### [Work task]
Begin at the line containing "ハリとほどよい光沢感を備えた" in the records below, end at the line containing "belodoro Building Blocks", and retype each line in that span exactly. No other line and no image should appear.

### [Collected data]
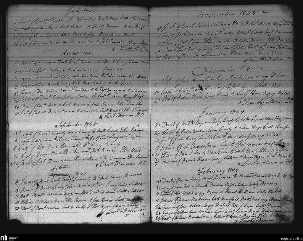 Desertserges; County of Cork; Diocese of Cork and Ross. Baptisms, July 1848 to Feb. 1849
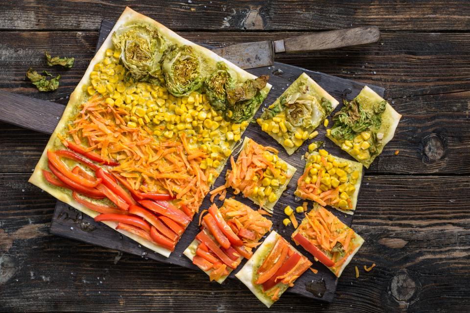| Regenbogen Flammkuchen | Sommer, Mittag | Cremefraiche,Pesto,Salz,Flammkuchenteig,Peperoni,Karotten,Maiskörner (Dose) | 26 |
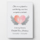Esta placa conmemorativa/conmemorativa es apropiada para una niña, niño o si se desconoce el sexo del bebé. Es un mantenimiento reflexivo luego del aborto espontáneo, el parto muerto, la pérdida neonatal o la pérdida súbita del bebé. El diseño incluye una acuarela con alas de ángel gris suave, un corazón rojo con huellas de bebé en el interior, y la cita "no hay huellas tan pequeñas".
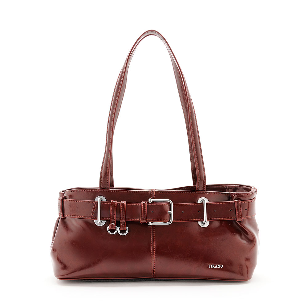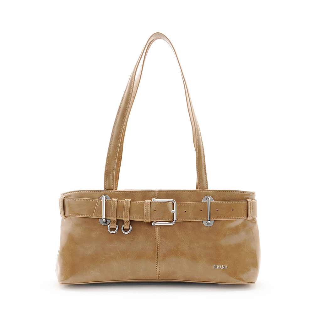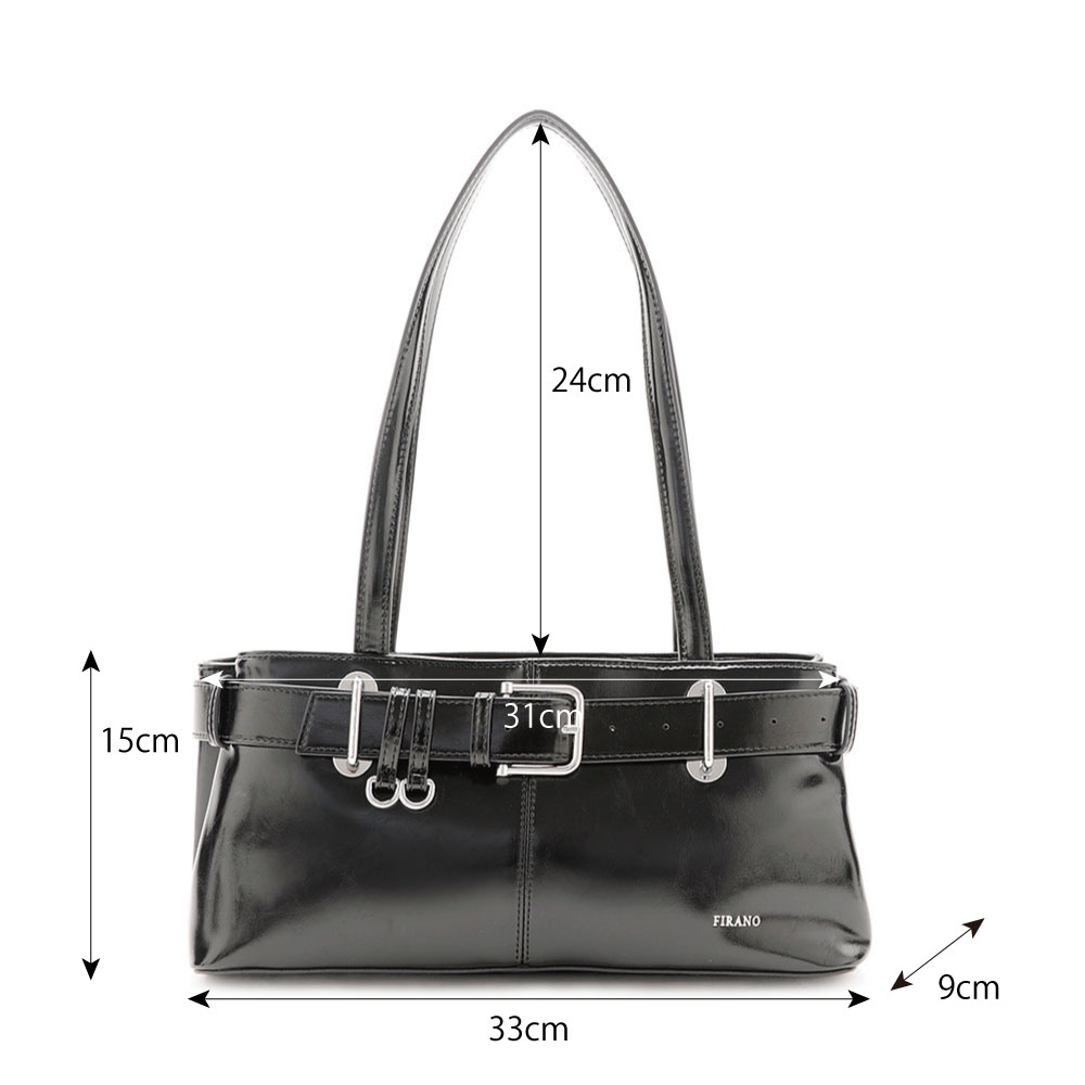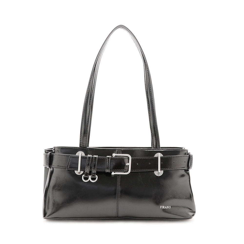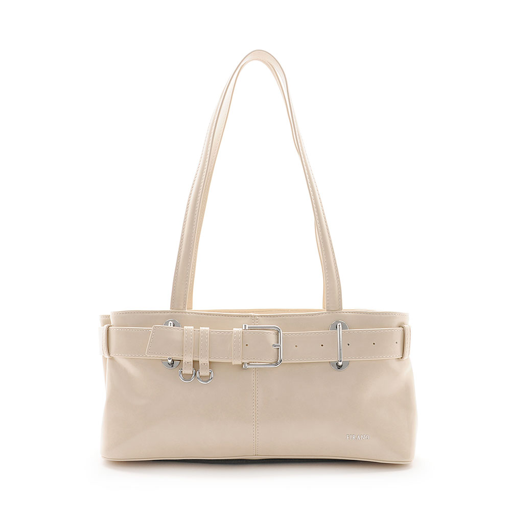 ハリとほどよい光沢感を備えたフェイクレザーが、ミニマルなフォルムに上質な存在感をプラスします。フロントに施したベルトデザインが、シンプルな佇まいに洗練されたアクセントを添えます。
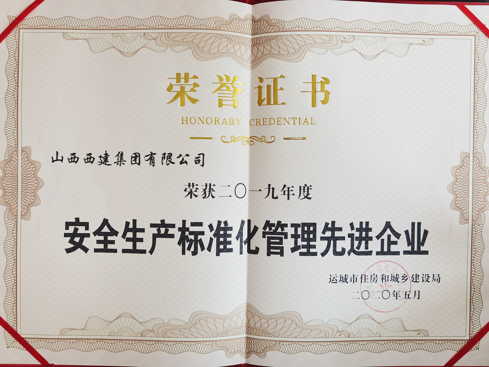 ▲山西西建集團(tuán)有限公司榮獲“2019年度安全生產(chǎn)標(biāo)準(zhǔn)化管理先進(jìn)企業(yè)”
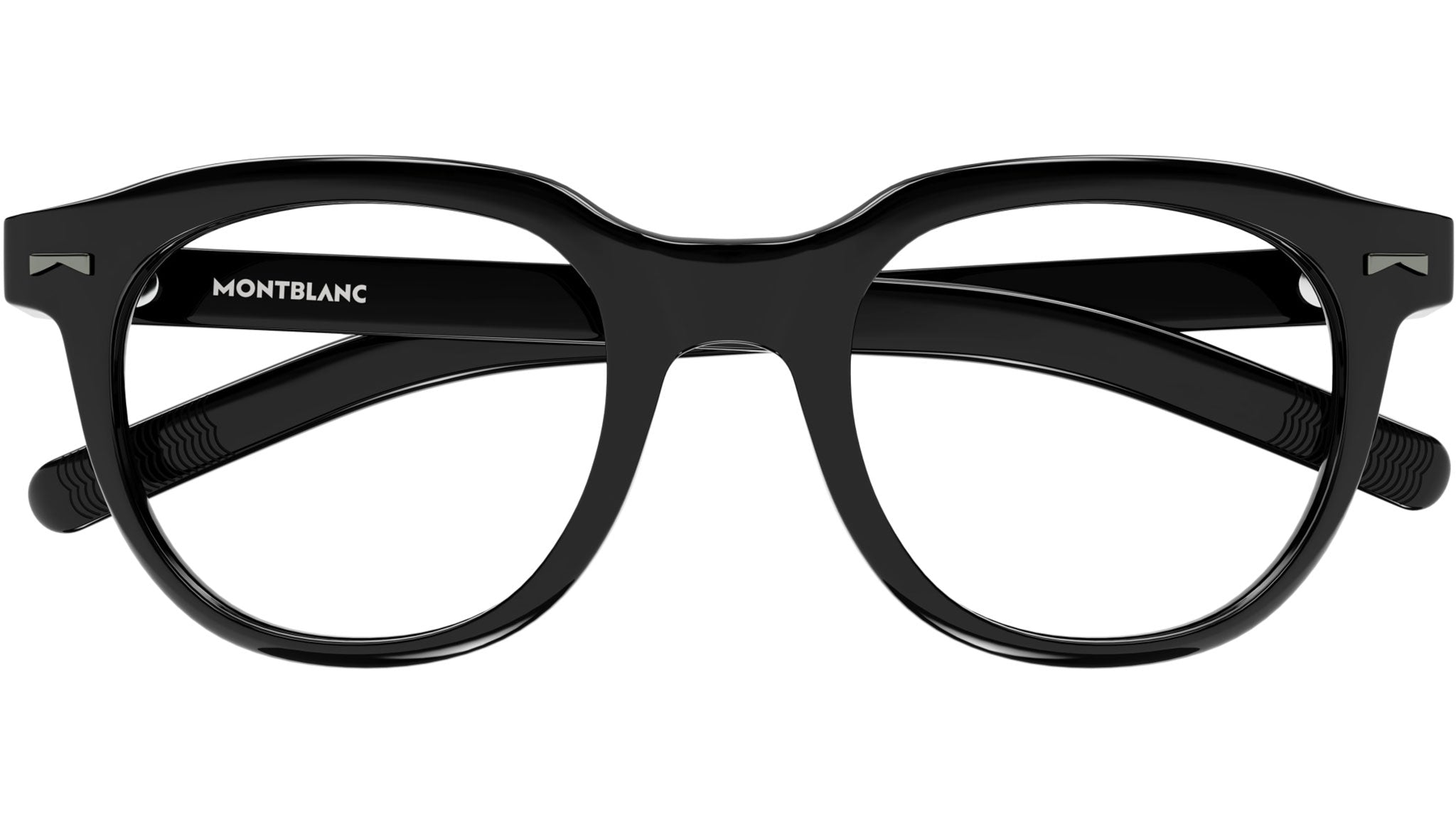 Occhiali da vista Monblanc linea Millennials modello MB0261O variante colore 001 nero lucido tinta unita con astine color lenti demo.
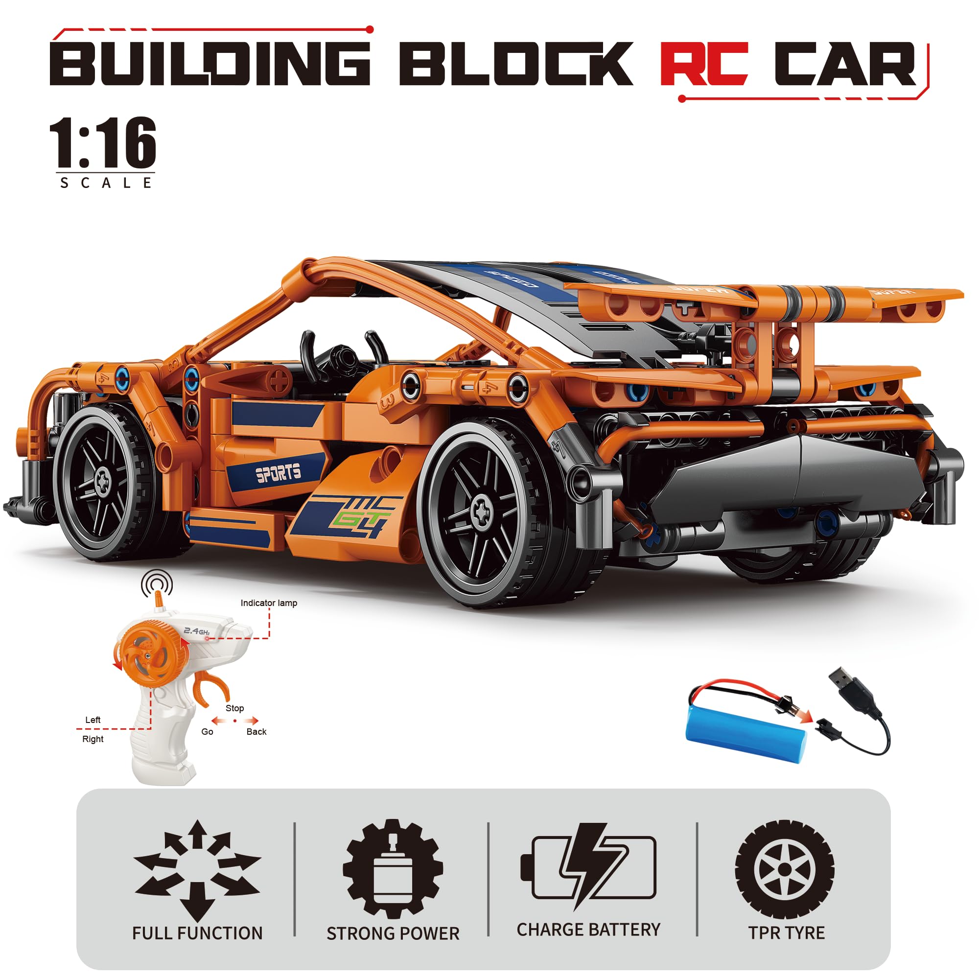 belodoro Building Blocks RC Super Car with LED Lights, Remote Control 1:16 Speed Car, Toys Vehicle, Construction Toys, Gift for Boys and Girls Over 6 Years Old, Present for Kids Age 6+, 70010D
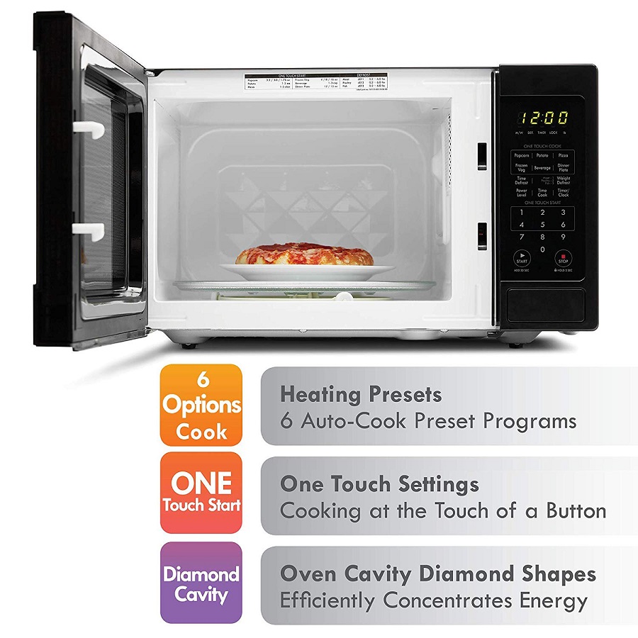 COMPACT MICROWAVE OVEN ADA compliant 0 9 cubic feet countertop microwave oven is perfect for small office kitchens RVs and apartmentsPOWER AND CONVENIENCE Countertop microwave has 10 power settings at 900 watts an add 30 seconds button option and a safety lock to keep kids safeHEATING PRESETS One Touch Auto-Cook preset programs take the guess work out of heating your favorite foods like pizza potatoes popcorn frozen vegetables beverages and dinner platesEXPRESS COOKING With the One Touch express heating settings you can quickly start cooking for 1-6 minutes instantlyDEFROST QUICKLY Frozen foods are defrosted quickly with the Time or Weight defrost settings
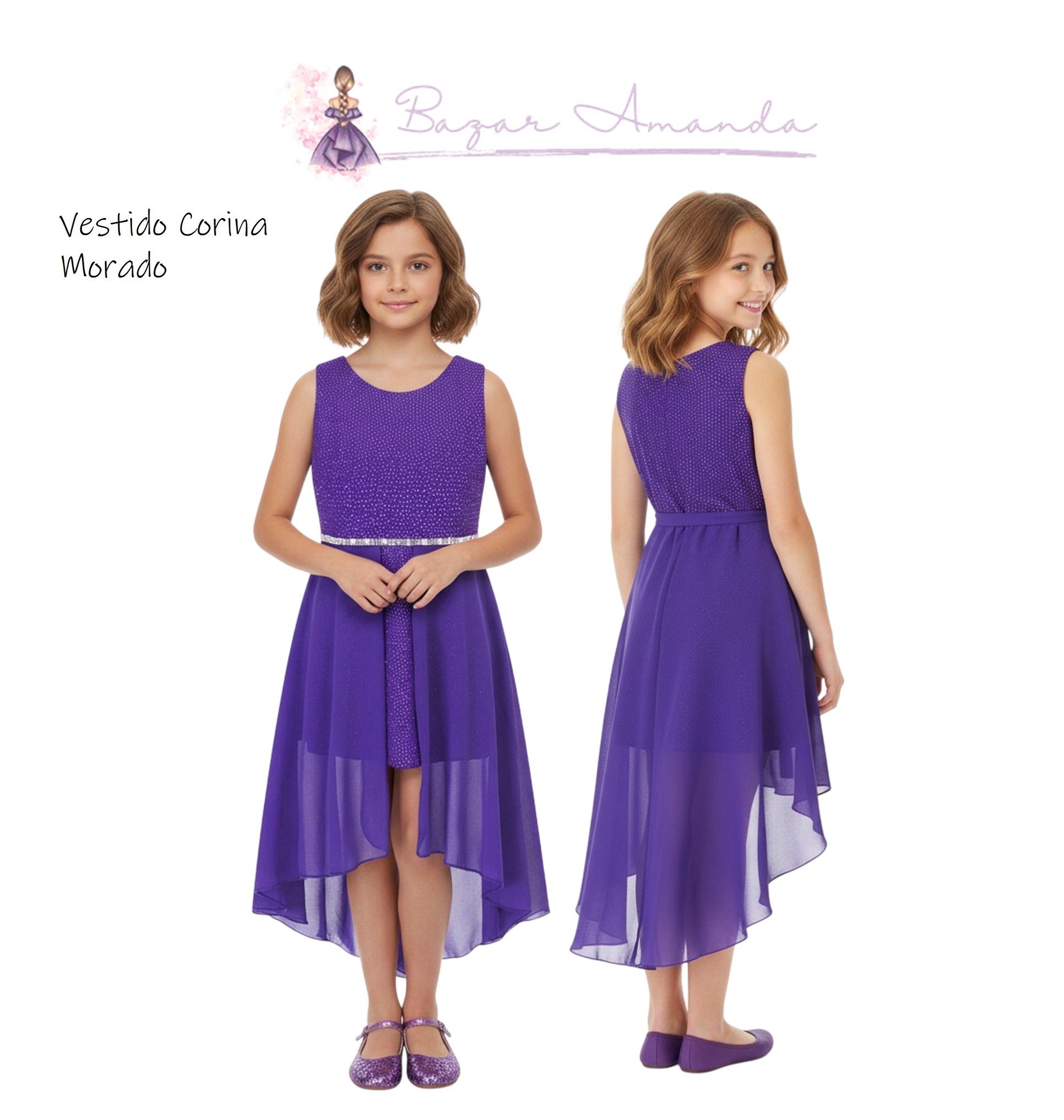 • El largo delantero del vestido es bajo la rodilla

### [Output for this exercise]
 ハリとほどよい光沢感を備えたフェイクレザーが、ミニマルなフォルムに上質な存在感をプラスします。フロントに施したベルトデザインが、シンプルな佇まいに洗練されたアクセントを添えます。
 ▲山西西建集團(tuán)有限公司榮獲“2019年度安全生產(chǎn)標(biāo)準(zhǔn)化管理先進(jìn)企業(yè)”
 Occhiali da vista Monblanc linea Millennials modello MB0261O variante colore 001 nero lucido tinta unita con astine color lenti demo.
 belodoro Building Blocks RC Super Car with LED Lights, Remote Control 1:16 Speed Car, Toys Vehicle, Construction Toys, Gift for Boys and Girls Over 6 Years Old, Present for Kids Age 6+, 70010D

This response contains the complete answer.